To do — Among the lines of the listing below, retype exactly those from the one containing "1. Suppose that" through the one containing "Meetu волнистые пряди", both included. Do not include pictures.

Source material —
[Start of Attachment]

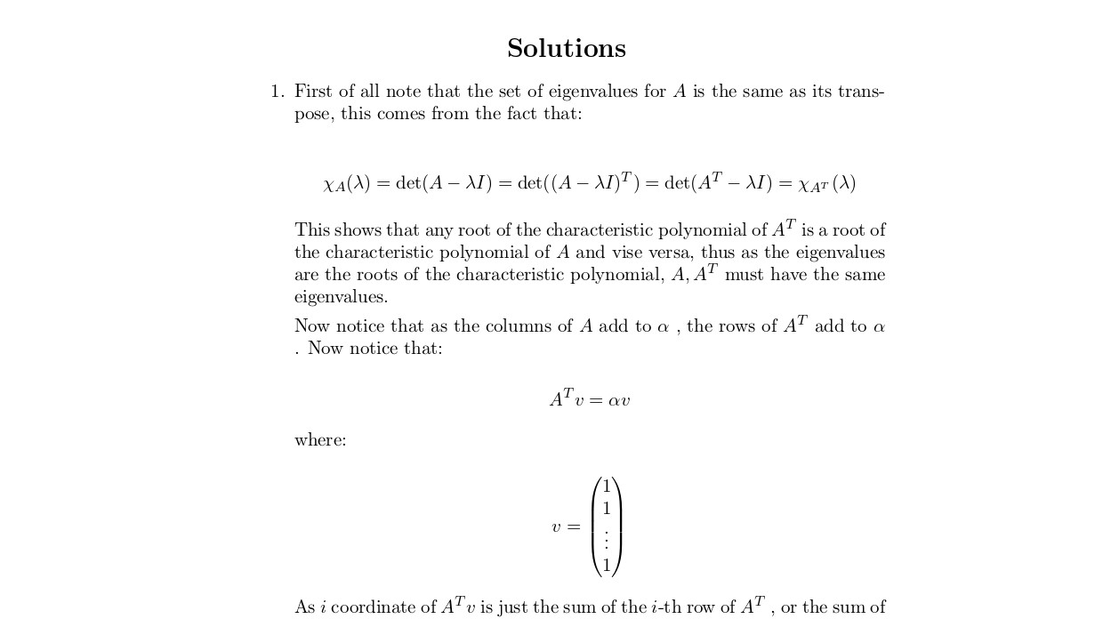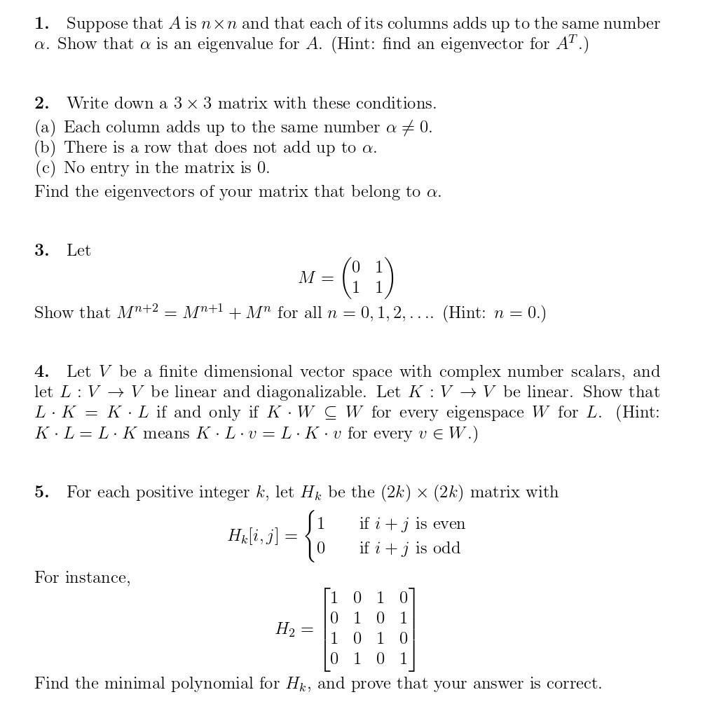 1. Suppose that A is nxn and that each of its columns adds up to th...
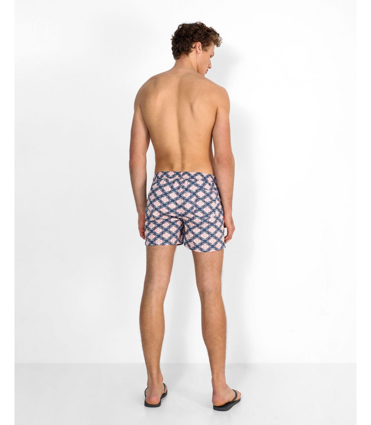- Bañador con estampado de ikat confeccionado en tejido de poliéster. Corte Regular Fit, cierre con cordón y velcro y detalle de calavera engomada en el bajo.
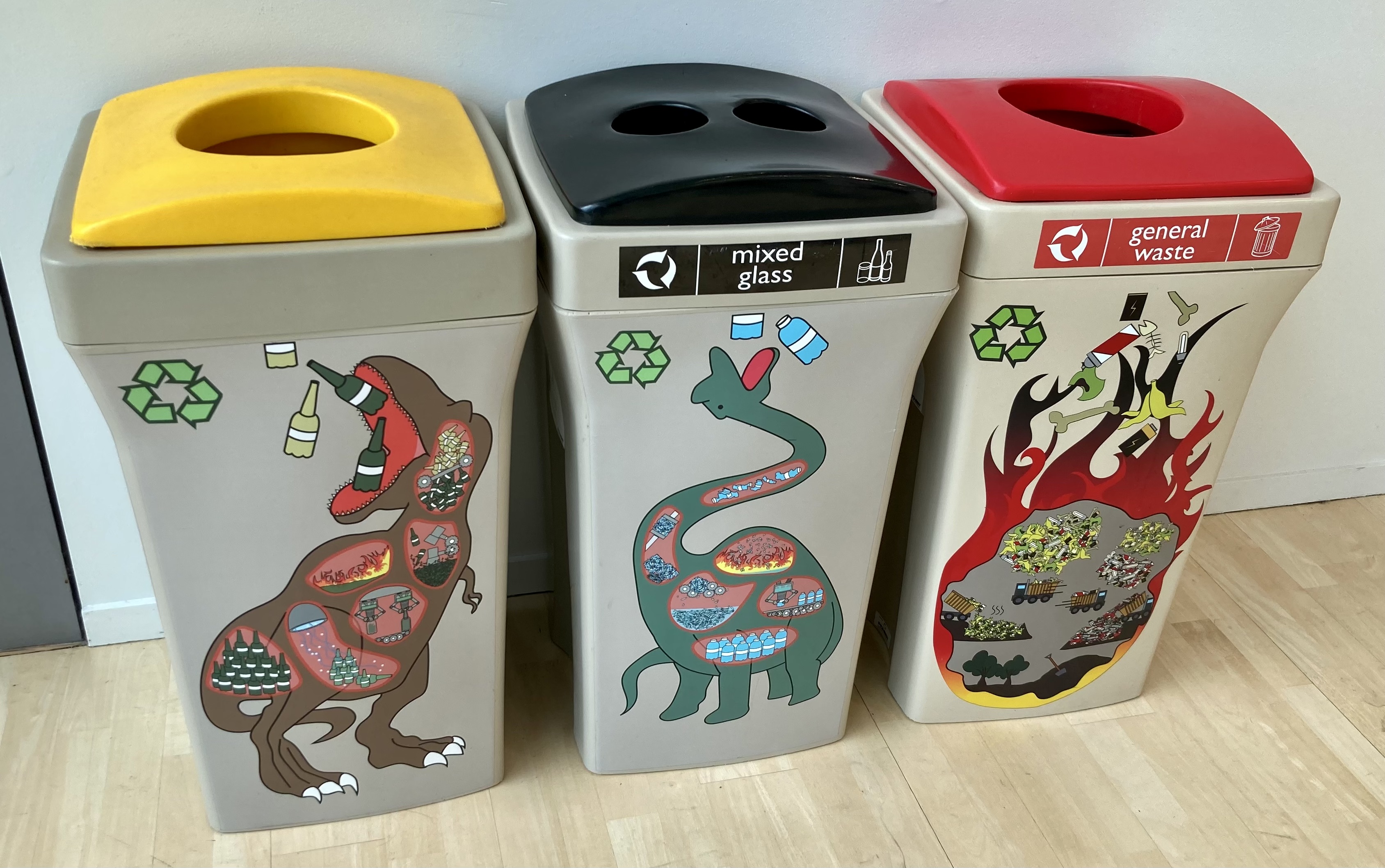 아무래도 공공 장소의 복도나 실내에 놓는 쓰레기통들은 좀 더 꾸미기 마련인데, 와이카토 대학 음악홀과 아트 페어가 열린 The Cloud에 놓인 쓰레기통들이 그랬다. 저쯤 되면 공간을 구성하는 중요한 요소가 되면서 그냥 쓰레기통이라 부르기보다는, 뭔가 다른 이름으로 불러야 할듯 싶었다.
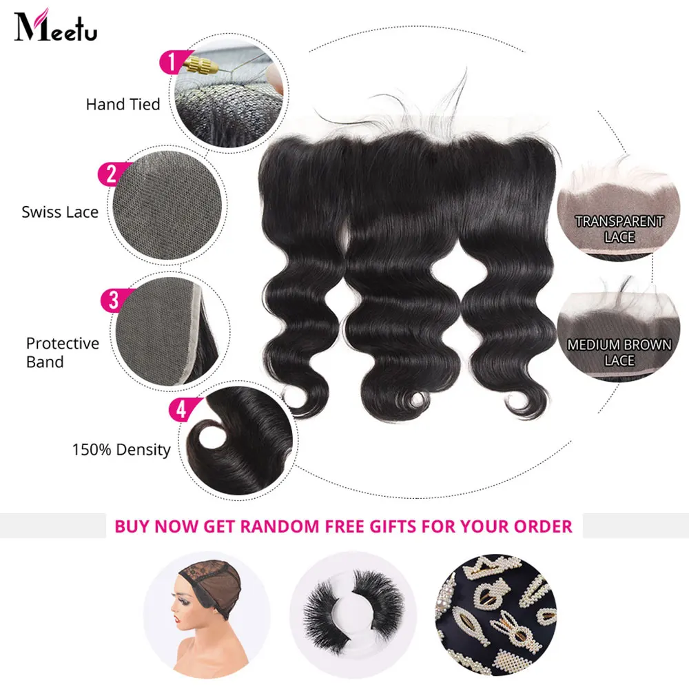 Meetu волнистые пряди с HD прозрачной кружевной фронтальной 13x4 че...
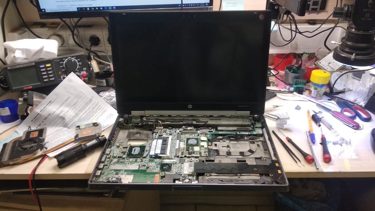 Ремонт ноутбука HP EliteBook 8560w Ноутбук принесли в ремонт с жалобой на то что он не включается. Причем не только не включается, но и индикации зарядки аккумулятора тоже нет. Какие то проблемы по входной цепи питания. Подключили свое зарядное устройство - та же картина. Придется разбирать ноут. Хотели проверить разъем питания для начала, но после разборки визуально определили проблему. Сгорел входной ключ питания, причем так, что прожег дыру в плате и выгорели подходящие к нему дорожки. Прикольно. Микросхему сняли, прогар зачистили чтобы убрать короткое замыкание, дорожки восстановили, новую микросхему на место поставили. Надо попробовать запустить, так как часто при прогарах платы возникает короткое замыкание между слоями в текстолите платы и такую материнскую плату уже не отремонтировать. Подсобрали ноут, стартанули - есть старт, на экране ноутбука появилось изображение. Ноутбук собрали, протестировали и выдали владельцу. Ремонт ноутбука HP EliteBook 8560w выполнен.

[End of Attachment]
[Start of Attachment]

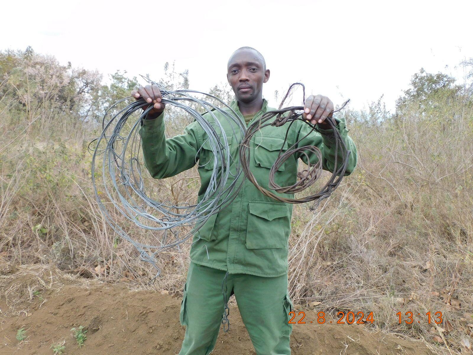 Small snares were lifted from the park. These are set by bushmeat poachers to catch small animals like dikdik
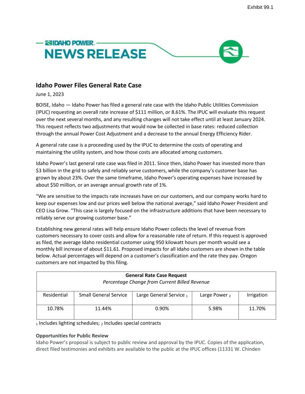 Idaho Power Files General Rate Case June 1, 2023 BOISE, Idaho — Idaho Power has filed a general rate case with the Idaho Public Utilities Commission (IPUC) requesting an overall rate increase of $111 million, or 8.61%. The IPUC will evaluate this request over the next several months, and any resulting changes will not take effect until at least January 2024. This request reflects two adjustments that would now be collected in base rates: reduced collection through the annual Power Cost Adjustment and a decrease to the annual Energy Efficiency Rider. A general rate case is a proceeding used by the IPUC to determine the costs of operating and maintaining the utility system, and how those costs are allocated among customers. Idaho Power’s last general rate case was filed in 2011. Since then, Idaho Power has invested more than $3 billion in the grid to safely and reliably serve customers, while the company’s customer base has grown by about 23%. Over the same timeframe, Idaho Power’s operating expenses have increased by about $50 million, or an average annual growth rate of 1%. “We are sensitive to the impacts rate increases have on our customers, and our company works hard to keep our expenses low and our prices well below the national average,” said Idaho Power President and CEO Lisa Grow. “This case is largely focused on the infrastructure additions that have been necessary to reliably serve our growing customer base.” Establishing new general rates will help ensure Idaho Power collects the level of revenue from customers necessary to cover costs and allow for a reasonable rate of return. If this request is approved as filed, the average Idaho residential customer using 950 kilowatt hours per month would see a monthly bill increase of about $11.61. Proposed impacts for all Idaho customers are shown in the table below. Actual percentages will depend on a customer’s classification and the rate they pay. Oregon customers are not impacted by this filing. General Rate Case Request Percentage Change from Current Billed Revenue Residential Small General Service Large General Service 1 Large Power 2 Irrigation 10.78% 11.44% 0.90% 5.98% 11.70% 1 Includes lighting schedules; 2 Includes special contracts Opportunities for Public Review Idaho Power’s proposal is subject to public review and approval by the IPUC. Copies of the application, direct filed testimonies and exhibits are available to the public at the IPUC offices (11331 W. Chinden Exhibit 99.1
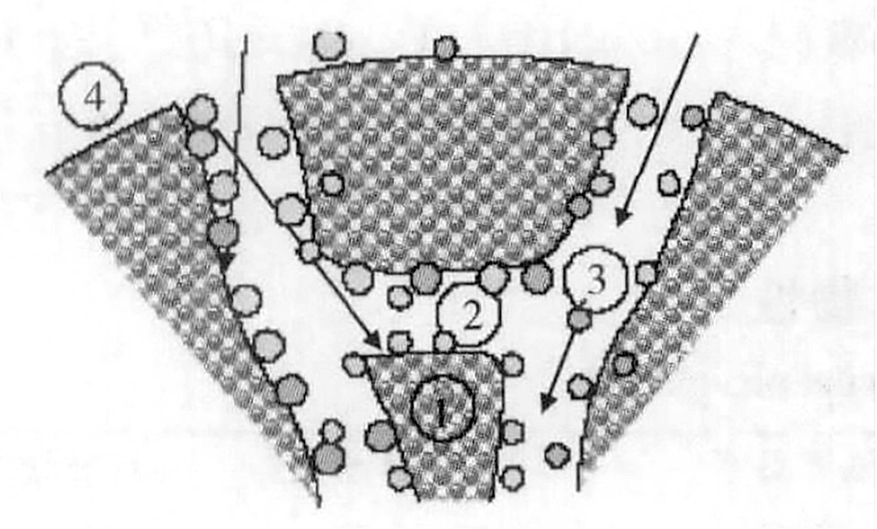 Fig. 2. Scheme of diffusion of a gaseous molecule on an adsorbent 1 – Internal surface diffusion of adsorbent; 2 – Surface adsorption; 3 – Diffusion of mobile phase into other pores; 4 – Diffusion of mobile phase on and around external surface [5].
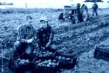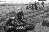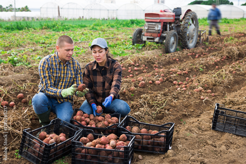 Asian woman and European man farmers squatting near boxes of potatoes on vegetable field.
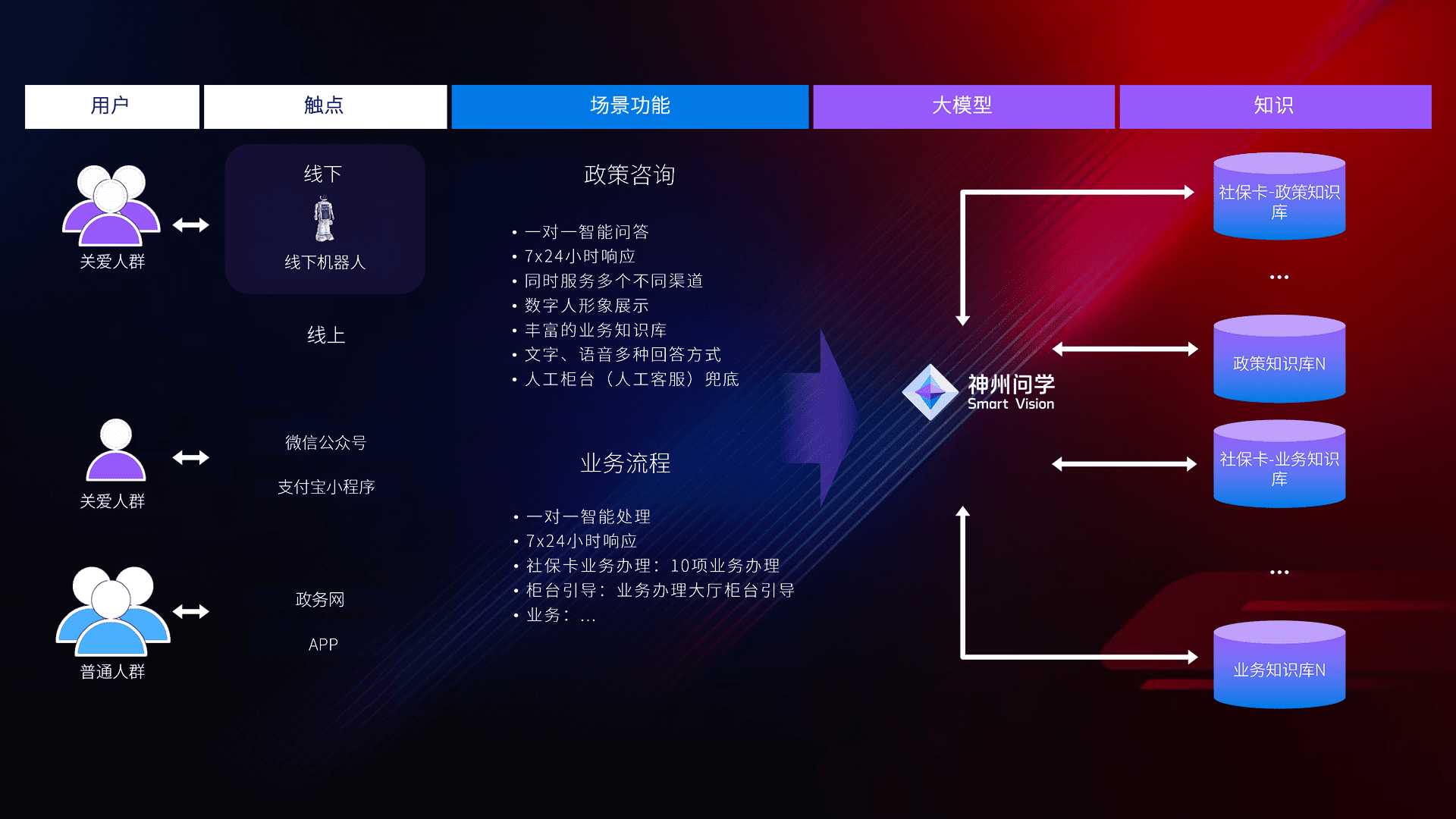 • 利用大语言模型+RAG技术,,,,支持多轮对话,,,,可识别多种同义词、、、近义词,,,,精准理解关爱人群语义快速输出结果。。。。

[End of Attachment]
[Start of Attachment]

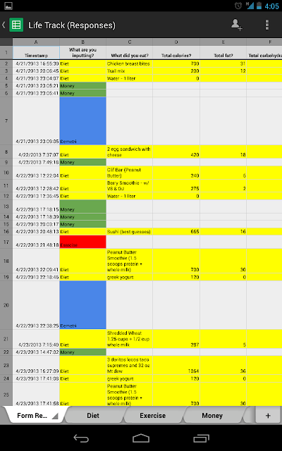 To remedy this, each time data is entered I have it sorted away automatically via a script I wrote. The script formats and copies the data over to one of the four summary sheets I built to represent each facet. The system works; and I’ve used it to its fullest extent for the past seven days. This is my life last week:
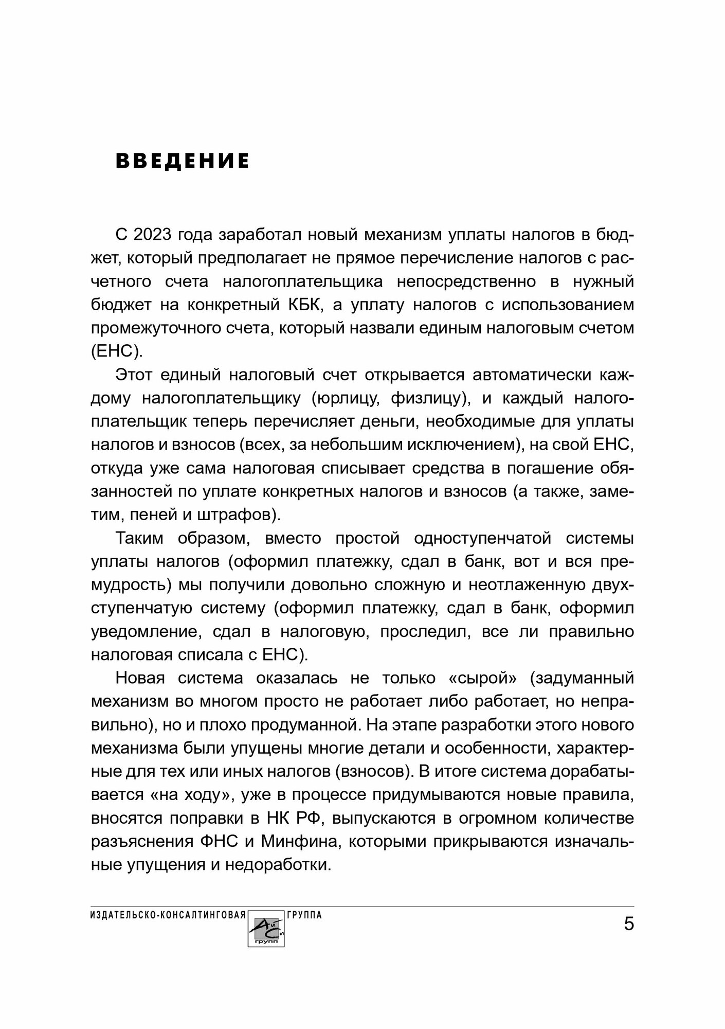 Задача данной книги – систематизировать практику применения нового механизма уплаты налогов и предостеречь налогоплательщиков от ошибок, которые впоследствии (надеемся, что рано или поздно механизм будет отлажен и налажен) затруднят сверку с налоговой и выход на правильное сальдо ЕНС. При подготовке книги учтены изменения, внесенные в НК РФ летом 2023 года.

[End of Attachment]

Task response —
 1. Suppose that A is nxn and that each of its columns adds up to th...
- Bañador con estampado de ikat confeccionado en tejido de poliéster. Corte Regular Fit, cierre con cordón y velcro y detalle de calavera engomada en el bajo.
 아무래도 공공 장소의 복도나 실내에 놓는 쓰레기통들은 좀 더 꾸미기 마련인데, 와이카토 대학 음악홀과 아트 페어가 열린 The Cloud에 놓인 쓰레기통들이 그랬다. 저쯤 되면 공간을 구성하는 중요한 요소가 되면서 그냥 쓰레기통이라 부르기보다는, 뭔가 다른 이름으로 불러야 할듯 싶었다.
 Meetu волнистые пряди с HD прозрачной кружевной фронтальной 13x4 че...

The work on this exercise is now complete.